* **Your objective**:
The line with "比如上图就是阻抗频率曲线,如" starts the range, and the last line of the listing ends it. Retype that range exactly, without pictures.

=== Material provided ===

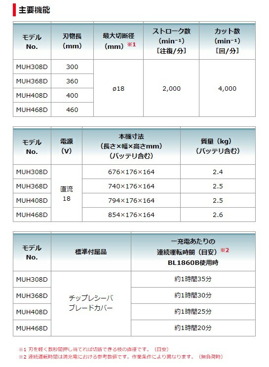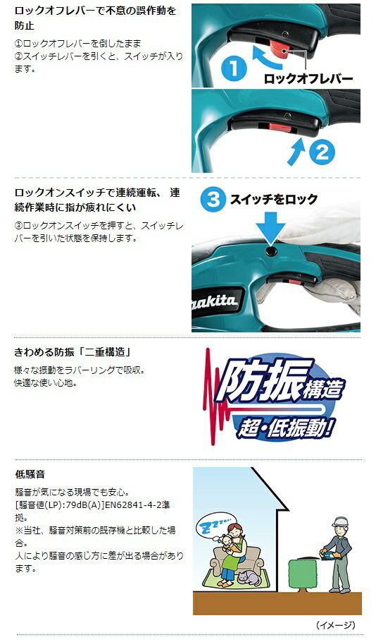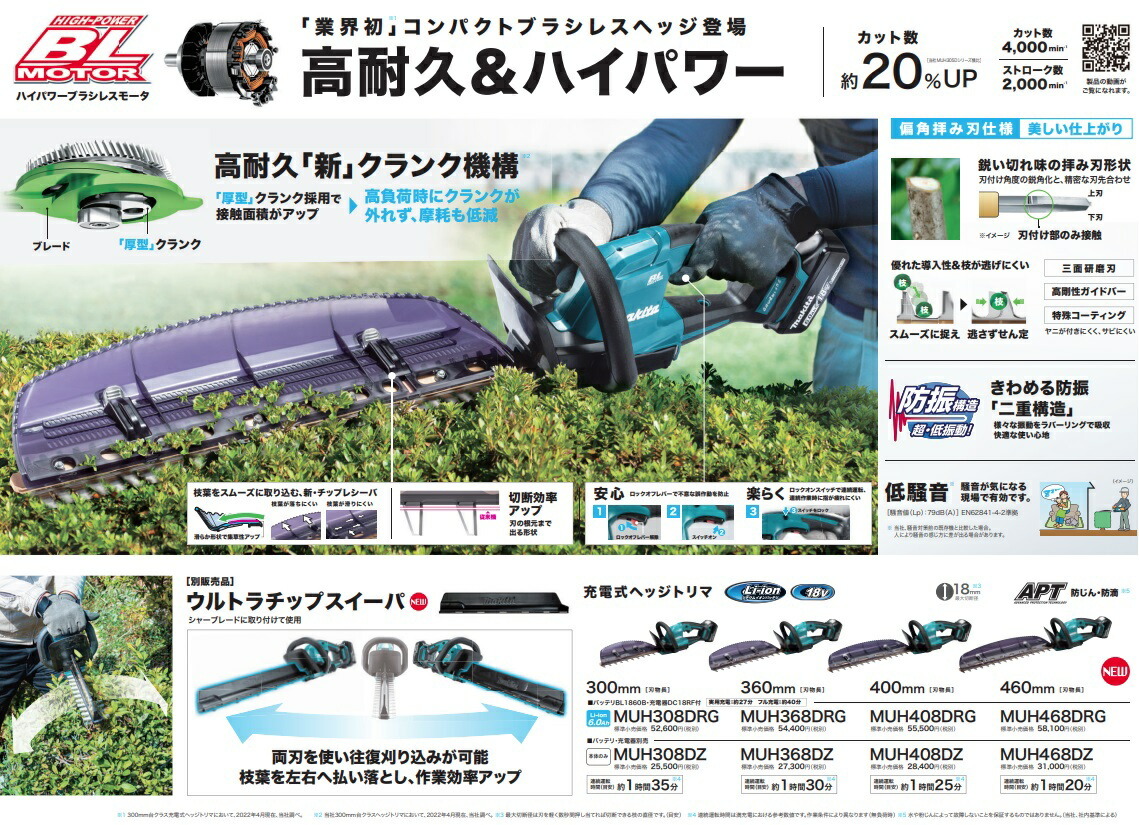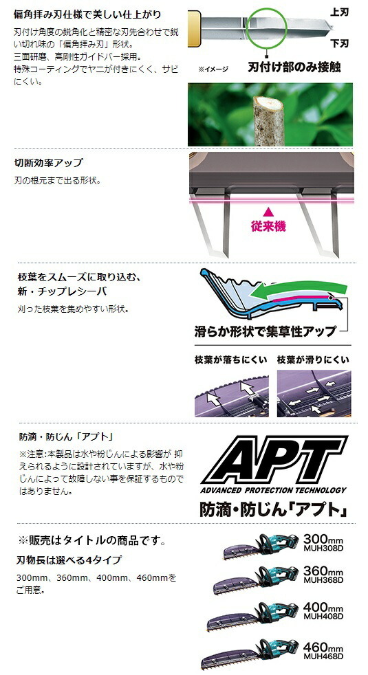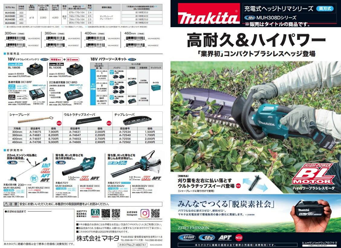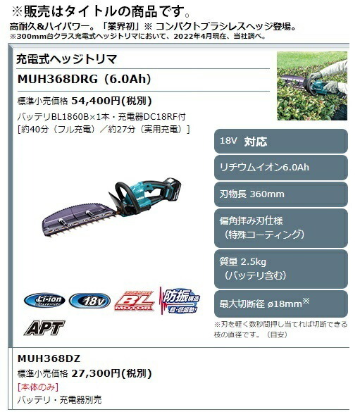 マキタ makita充電式ヘッジトリマMUH368DZ 本体のみです。※バッテリー・充電器は別販売品です。88381766852■ハイパワーブラシレスモータ搭載■長時間使えて、パワフル■高耐久「新」クランク機構■別販売品でウルトラチップスイーパをご用意両刃を使い往復刈り込みが可能。枝葉を左右へと払い落し、作業効率アップ。■ロックオフレバーで不意の誤作動を防止(1)ロックオフレバーを倒したまま(2)スイッチレバーを引くと、スイッチが入ります。■ロックオンスイッチで連続運転、 連続作業時に指が疲れにくい(3)ロックオンスイッチを押すと、スイッチレバーを引いた状態を保持します。■きわめる防振「二重構造」■低騒音■偏角拝み刃仕様で美しい仕上がり■切断効率アップ■枝葉をスムーズに取り込む、新・チップレシーバ■防滴・防じん「アプト」※注意:本製品は水や粉じんによる影響が 抑えられるように設計されていますが、水や粉じんによって故障しない事を保証するものではありません。■刃物長は選べる4タイプ300mm、360mm、400mm、460mmをご用意。
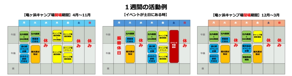 観光協会が管理しているキャンプ場や道の駅で行われるイベントのサポートを経験したのち、2年目以降は企画の見直しや新たな提案ができることを期待します。
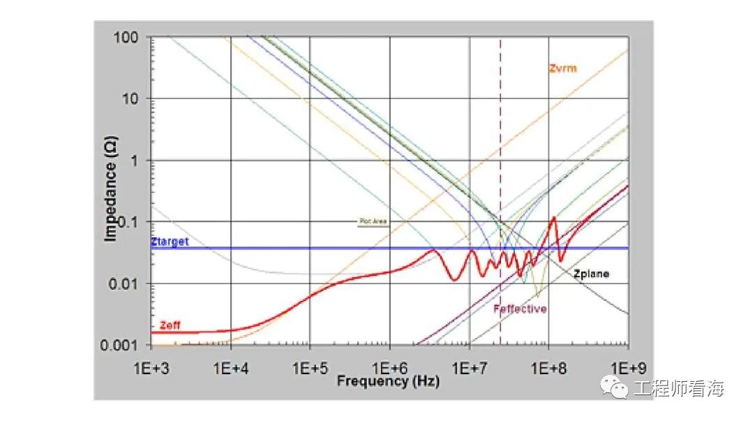 比如上图就是阻抗频率曲线,如果负载工作频率单一,只以一个固定的频率工作,假设工作电流是一个单一频率的正弦电流,那么阻抗优化就变的简单了,只要这个频率的阻抗低于目标阻抗就行,但是实际情况很复杂,我们不知道复杂的具体工作频率,所以为了保险起见,我们控制的是一定频段内的阻抗,而不是直流或单一频率的阻抗,这看起来是一种过设计,但是确实非常安全的设计。蓝色曲线就是我们的目标阻抗,我们要做的就是优化这一频段内PDN阻抗(Feffective频率内),使得实际红色阻抗在负载要求的频带内低于目标蓝色阻抗。
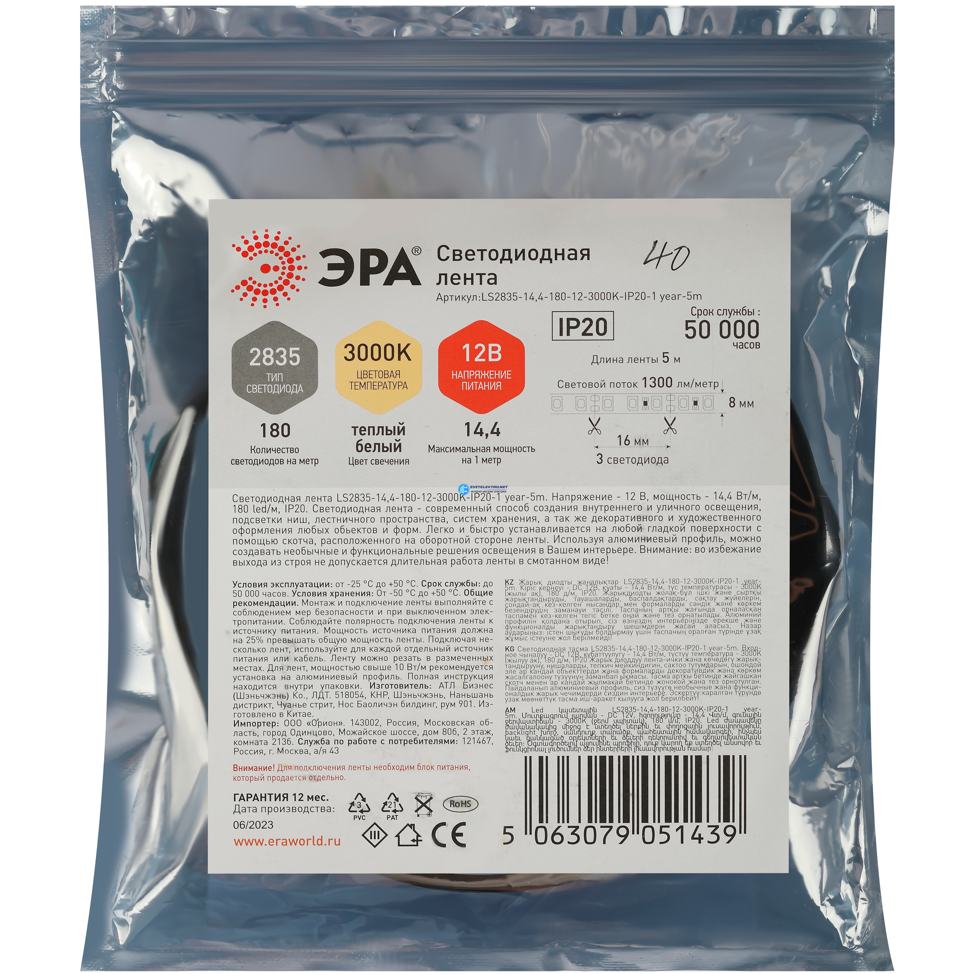 Светодиодная лента LS2835-14,4-180-12-3000K-IP20-1 year-5m теплый белый 5м, код Б0059903, производитель ЭРА

===

* **Task output**:
 比如上图就是阻抗频率曲线,如果负载工作频率单一,只以一个固定的频率工作,假设工作电流是一个单一频率的正弦电流,那么阻抗优化就变的简单了,只要这个频率的阻抗低于目标阻抗就行,但是实际情况很复杂,我们不知道复杂的具体工作频率,所以为了保险起见,我们控制的是一定频段内的阻抗,而不是直流或单一频率的阻抗,这看起来是一种过设计,但是确实非常安全的设计。蓝色曲线就是我们的目标阻抗,我们要做的就是优化这一频段内PDN阻抗(Feffective频率内),使得实际红色阻抗在负载要求的频带内低于目标蓝色阻抗。
 Светодиодная лента LS2835-14,4-180-12-3000K-IP20-1 year-5m теплый белый 5м, код Б0059903, производитель ЭРА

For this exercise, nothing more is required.